---------- Material to process ----------

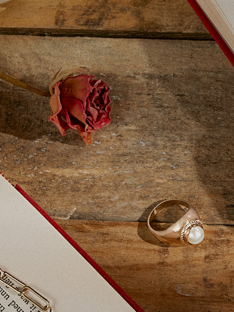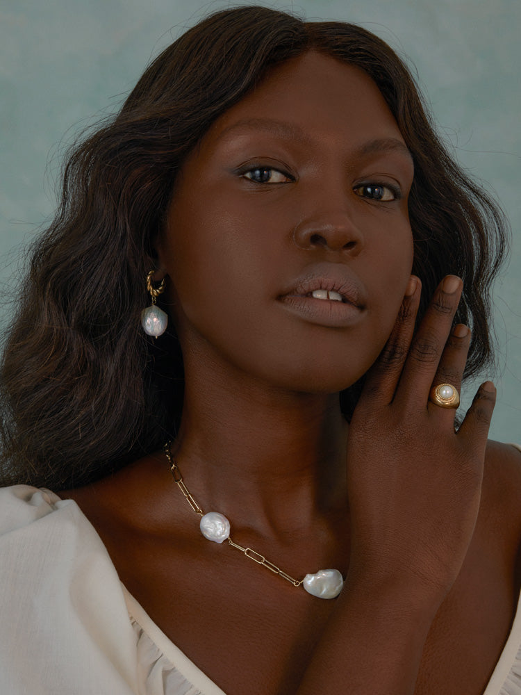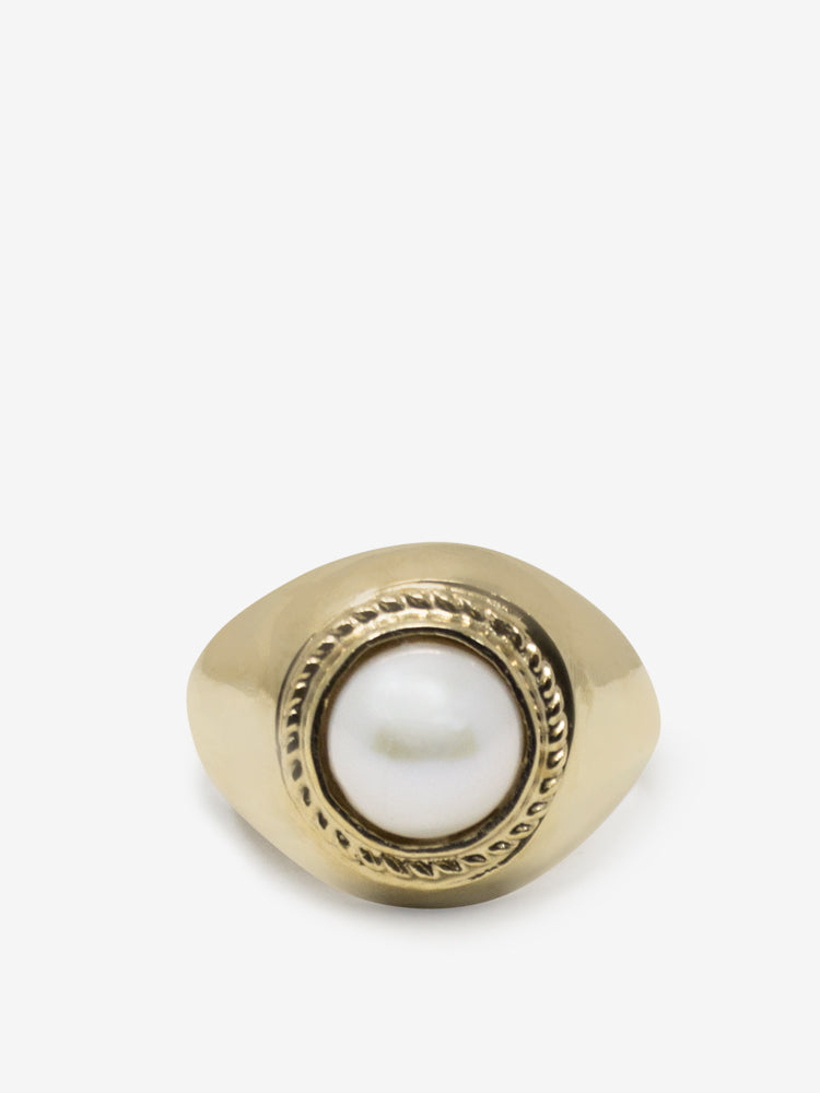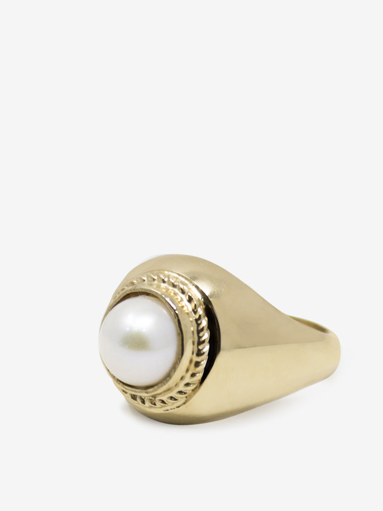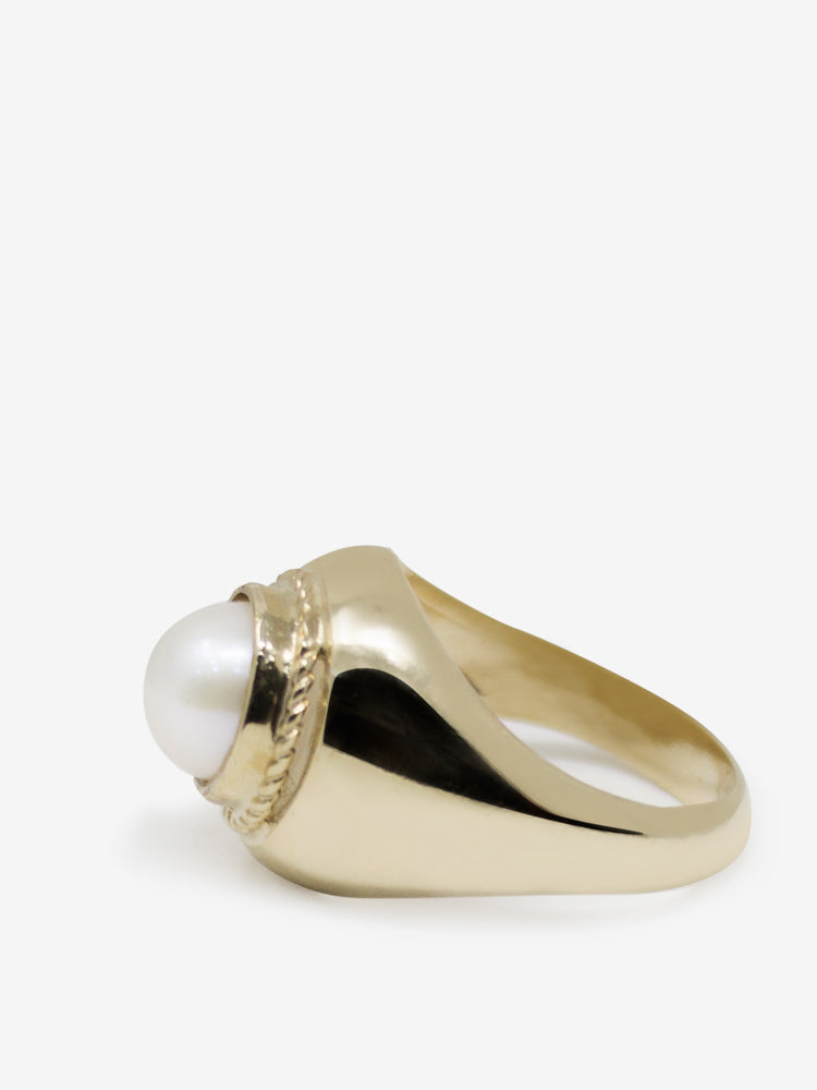 We love using pearls in our designs because we view them as a natural treasure of the sea. Hand-crafted from 18-karat gold-plated recycled silver, this signet ring is centered with a lustrous freshwater Akoya pearl that is expertly bezel-set in a twisted ribbon.
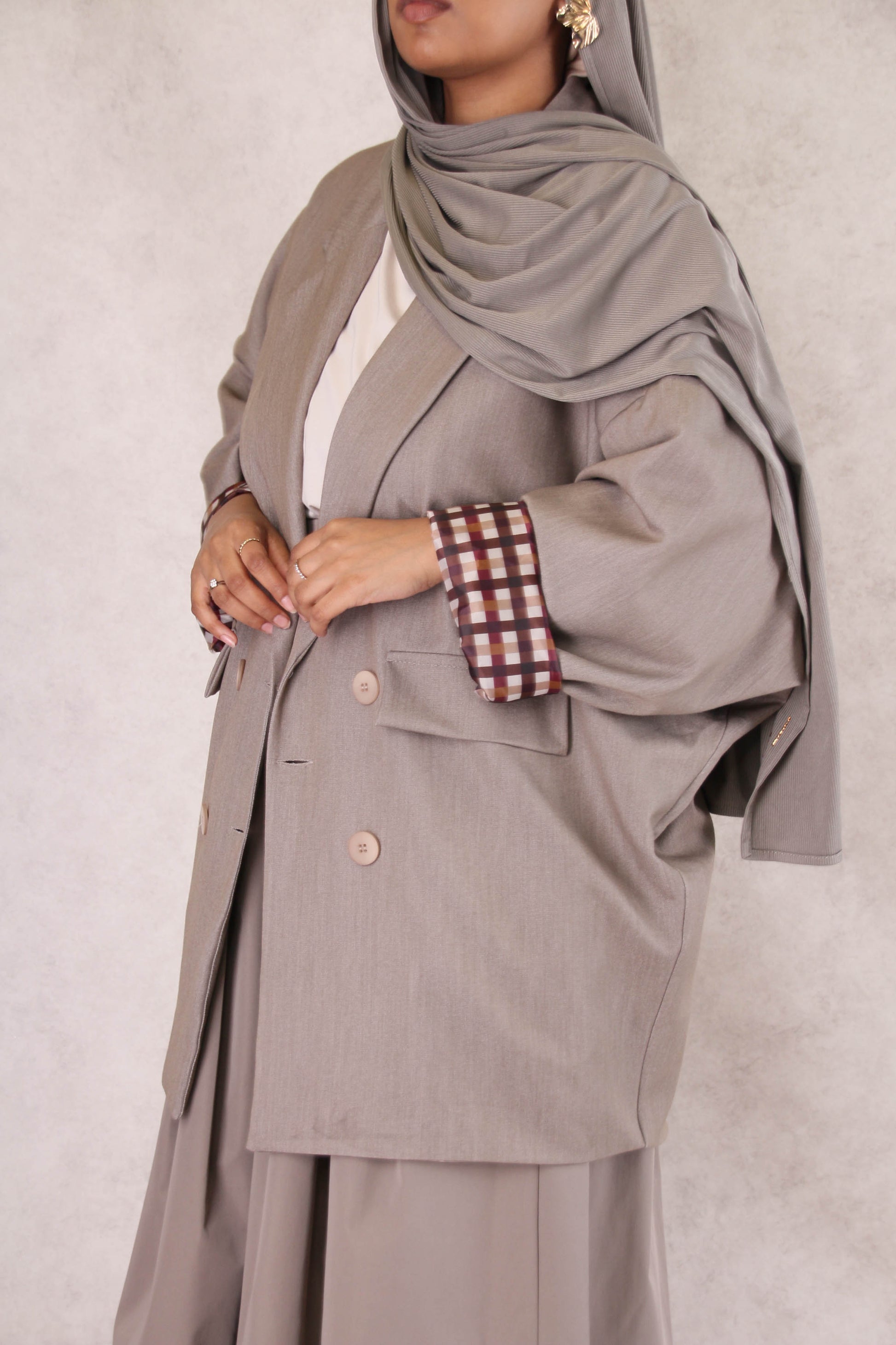 Une veste loose oversize au style moderne et décontracté. Son tombé ample et ses manches retroussables avec doublure à carreaux ajoutent une touche originale et tendance. Facile à superposer, elle se porte aussi bien sur une jupe longue que sur un pantalon fluide pour un look chic et confortable.
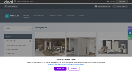 | AI-анализ | --- This online resource is the website of ZABERI.BY (ЗАБЕРИ.БАЙ), a home furniture company. The site features a wide range of furniture products: kitchens, wardrobes, bedrooms, walls, living rooms, sofas, cabinets, tables, and other items. A large selection of wooden furniture is available. Contact information for ZABERI.BY includes a phone number, Viber, WhatsApp, and Telegram. The site is available for selling on Deal.by, and offers a cart and 51 customer reviews. The company is based in Minsk, Belarus. Products are in stock and can be purchased. Popular items include a forest decogroup bed called 'Сабрина 4С/Сабрина 4.1С' (satin), the 'Брандо' wardrobe, the 'Ла |
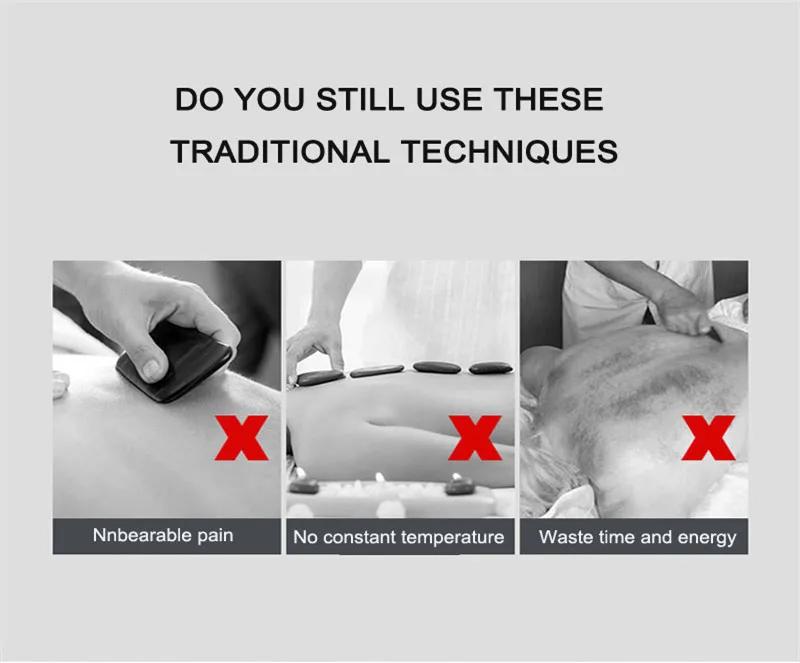 1. Этап подготовки: А. Приготовьтесь к использованию эфирных масел, бумажных полотенец и других предметов и дезинфицируйте зонд спиртом или солевым раствором. B. Подключите источник питания прибора и различные аксессуары. На панели отображается статус светильник. После того, как проверка верна, она входит в рабочее состояние. 2. Этап эксплуатации: оператор снимает рубашку и кладет ее на кровать, готов к работе. 3. Нанесите соответствующее количество эфирного масла на заднюю часть оператора. Используйте обе руки, чтобы массировать назад и вперед на спине эфирным маслом. Откройте заднюю часть эфирного масла оператора в течение 5-10 минут. 4. Нажмите кнопку зонда отрицательного давления, чтобы активировать датчик отрицательного давления. Регулятор отрицательного давления регулируется до минимального значения и температура одна. 5. Операции по соскабливанию или обрезанию выполняются на месте эксплуатации, а температура и отрицательное давление регулируются в соответствии с несущей способностью. 6. В конце операции по обрезанию или соскабливанию вытрите лишнее эфирное масло бумажным полотенцем и начните Вибрационный Массажный зонд для расслабления и восстановления. 7. Когда операция завершена, протрите зонд прибора и отключите питание. Поместите инструмент в сухое место.
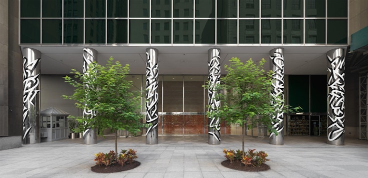 現代美術やストリート文化など、様々な現代の文化領域の「横断」を体現するQTS。その形象は、屋外の公共空間(プラザ)、屋内の公共空間(ロビー)、そして屋内の半公共空間(スカイロビー)という、3つの空間を横断する本展の構成にも重ね合わされている。15年にわたる絵画や壁画の実践を経て、さらに多様な媒体に拡大されるQTSの進化系に注目したい。なお本展は2020年8月までの長期開催。ニューヨークに滞在する機会のある方はぜひ訪れてみてはいかがだろうか。
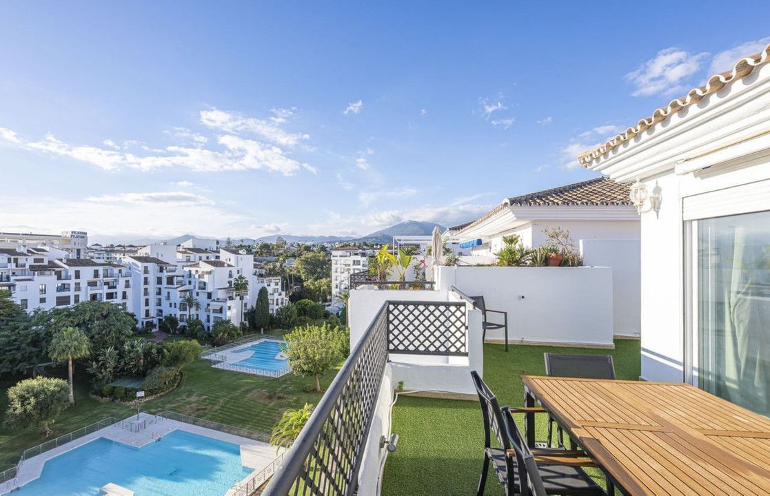 Welcome to Marbella.Imagine waking up every morning with the gentle Mediterranean breeze caressing your face and the promise of a new day in one of the most exclusive enclaves in the world.This luxurious duplex, located in the vibrant heart of Puerto Banús, is not just a property: it is a haven of elegance, serenity and style.From the moment you step inside, you will be dazzled by the exquisite décor, where every detail has been carefully chosen to create a unique visual and sensory experience.The spacious and bright rooms open naturally to the outside, allowing the southern light to flood every corner.On the main floor, the fully equipped separate kitchen is an ideal space for both enjoying fine dining and sharing special moments.Adjacent to it, the living room offers an atmosphere of absolute comfort, perfect for relaxing after a day enjoying the charms of Marbella.On this same level, two bedrooms guarantee rest and privacy:• A master suite with a king-size bed, private bathroom and a cosy glazed balcony where silence and calm reign supreme.• A second bedroom with two single beds and a full bathroom, designed for the comfort of family or guests.Climbing the elegant staircase, you discover the true treasure of the property:a spacious master suite with direct access to the upper terrace.From there, the sea views are a changing spectacle that accompanies every sunrise and every sunset.
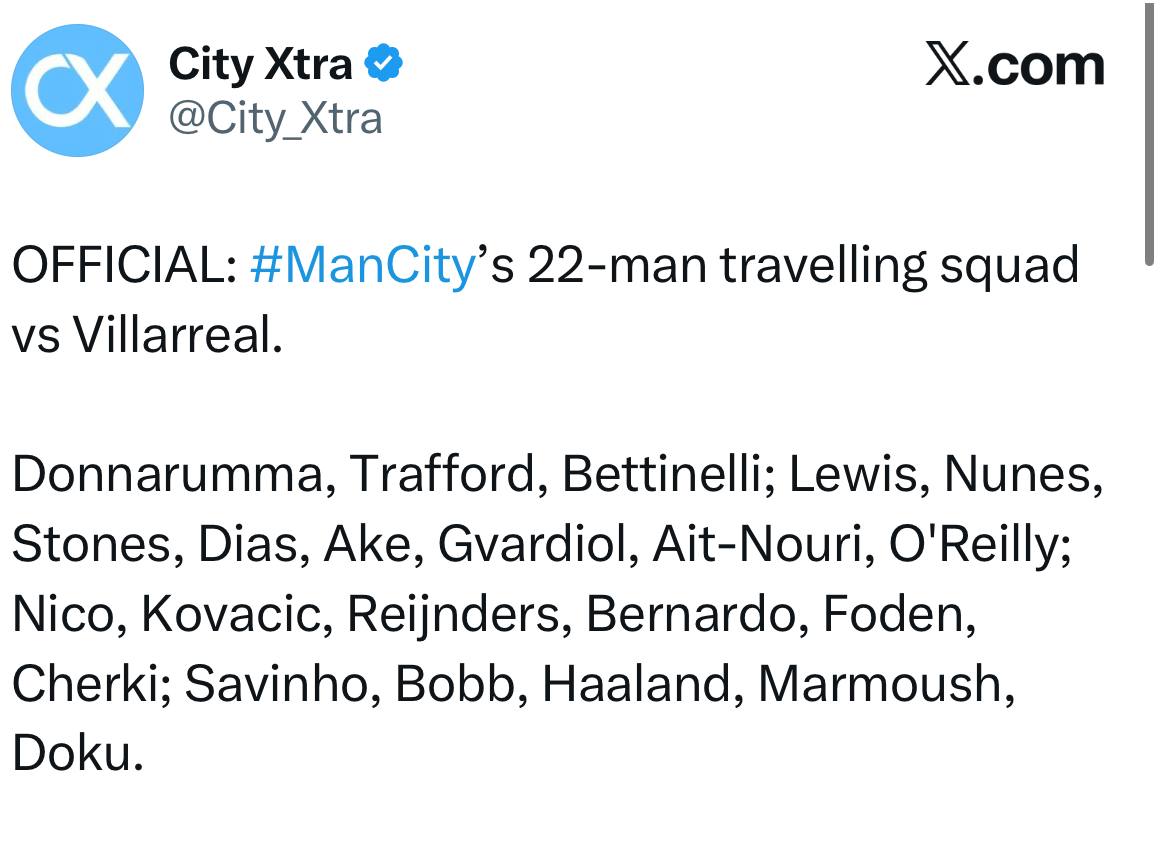 "Manchester Siti" Chempionlar ligasi umumiy bosqichining 3-turida "Vilyarreal" mehmoni bo‘ladi.
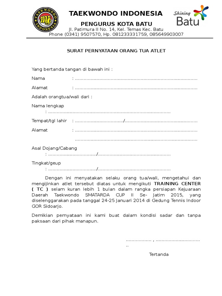 Mengikuti test pendidikan seminari menengah. Yang bertandatangan di bawah ini, saya: Ada banyak sekali jenis surat izin orang tua, baik itu untuk keperluan kerja, sekolah, kuliah, kegiatan organisasi dan masih banyak yang lainnya. 0 ratings0% found this document useful (0 votes). Jalan terusan pasir koja, gang pak sumardi no.84/194a rt 01 rw 05, kelurahan sukahaji, kecamatan babakan.
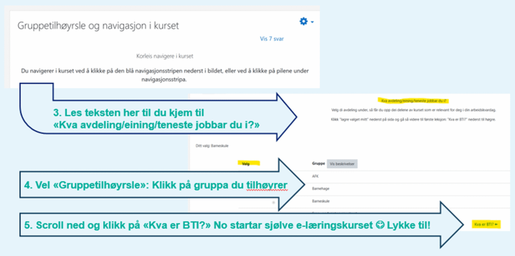 Følg stega under for å starte sjølve e-læringskurset «BTI – Betre Tverrfagleg Innsats i Bjørnafjorden kommune».
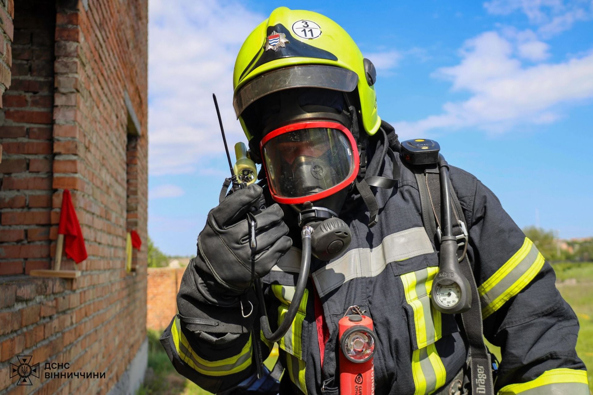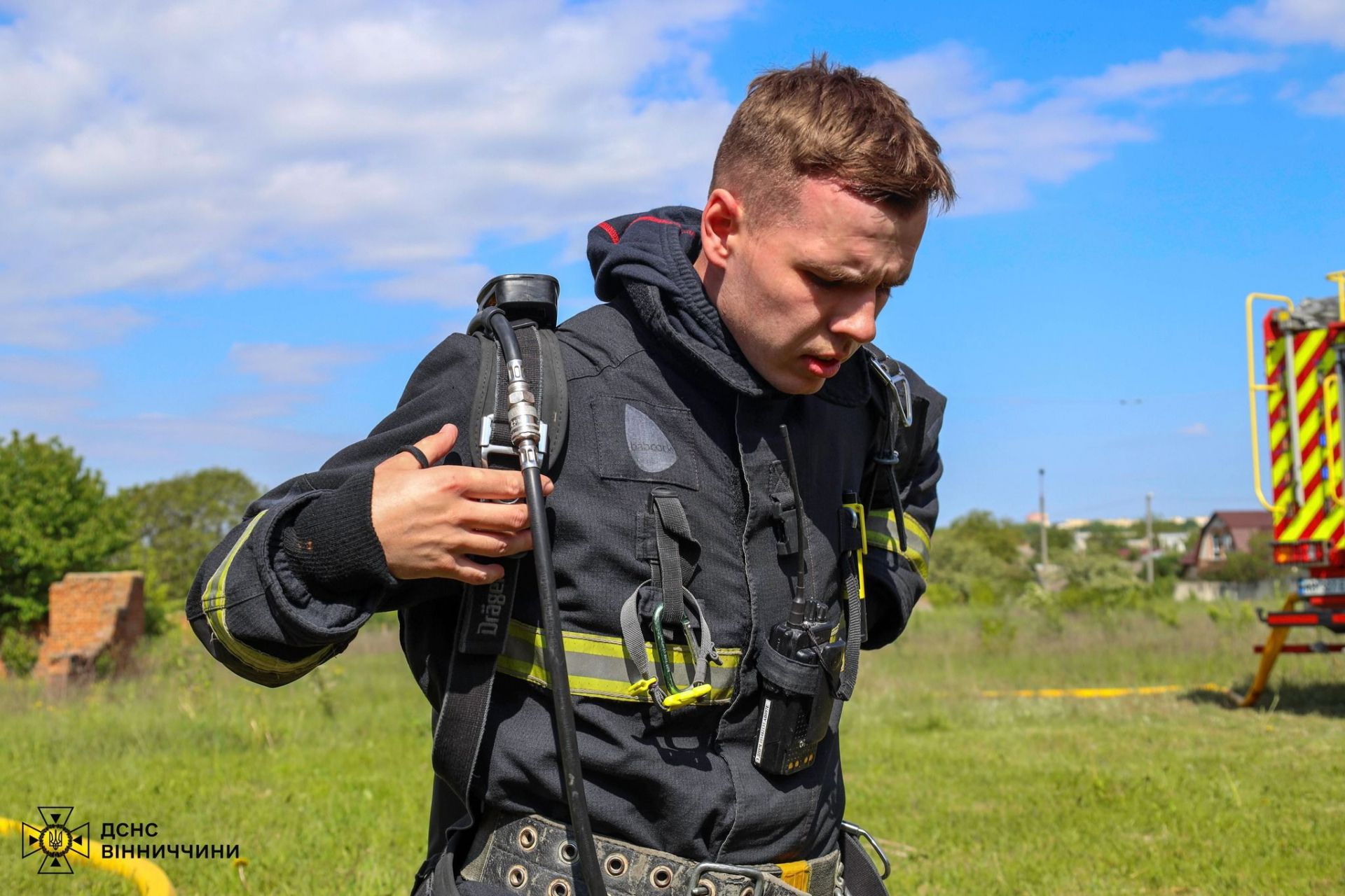 Сьогодні, 15 травня, у Вінниці рятувальники провели тренування з ліквідації пожежі в житловому будинку. Для цього на одному з міських полігонів розгорнули навчальну локацію.
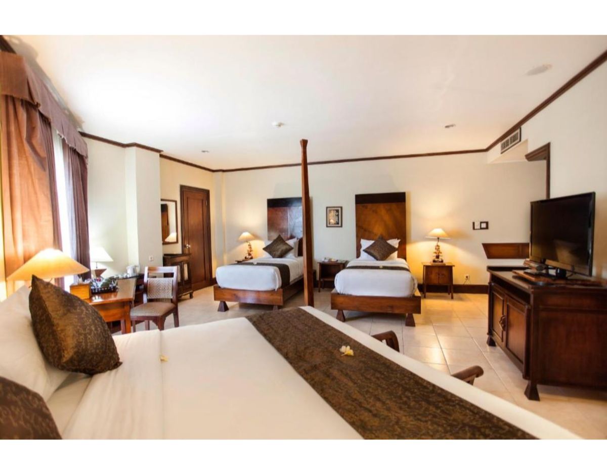 Strategically situated in the heart of Kuta the Ramayana Resort & Spa sits just 150 metres from the famous white, sandy Kuta Beach. For guests who want to explore the local wares the resort is located close to the traditional art market and shopping centre. Within easy access of the hotel guests will also find Waterbom Park, Hard rock cafe and links to public transport networks. It is a mere 20 minute drive from the capital city Denpasar and 10 minutes from the airport.Enjoying traditional Balinese style architecture combines with modern design the resort is nestled amidst lush tropical gardens. The beautiful guest rooms have been furnished with a blend of Balinese art and modern conveniences to add to the comfort guests will experience. The little ones will enjoy the childrens' pool and all the family can enjoy cultural activities and try Balinese dancing and cooking.

----------

What is needed is an exact copy of the lines above, from the one holding "Chempionlar ligasi umumiy" down to the one holding "Mengikuti test pendidikan", with those two included and the pictures left out.

 "Manchester Siti" Chempionlar ligasi umumiy bosqichining 3-turida "Vilyarreal" mehmoni bo‘ladi.
 Mengikuti test pendidikan seminari menengah. Yang bertandatangan di bawah ini, saya: Ada banyak sekali jenis surat izin orang tua, baik itu untuk keperluan kerja, sekolah, kuliah, kegiatan organisasi dan masih banyak yang lainnya. 0 ratings0% found this document useful (0 votes). Jalan terusan pasir koja, gang pak sumardi no.84/194a rt 01 rw 05, kelurahan sukahaji, kecamatan babakan.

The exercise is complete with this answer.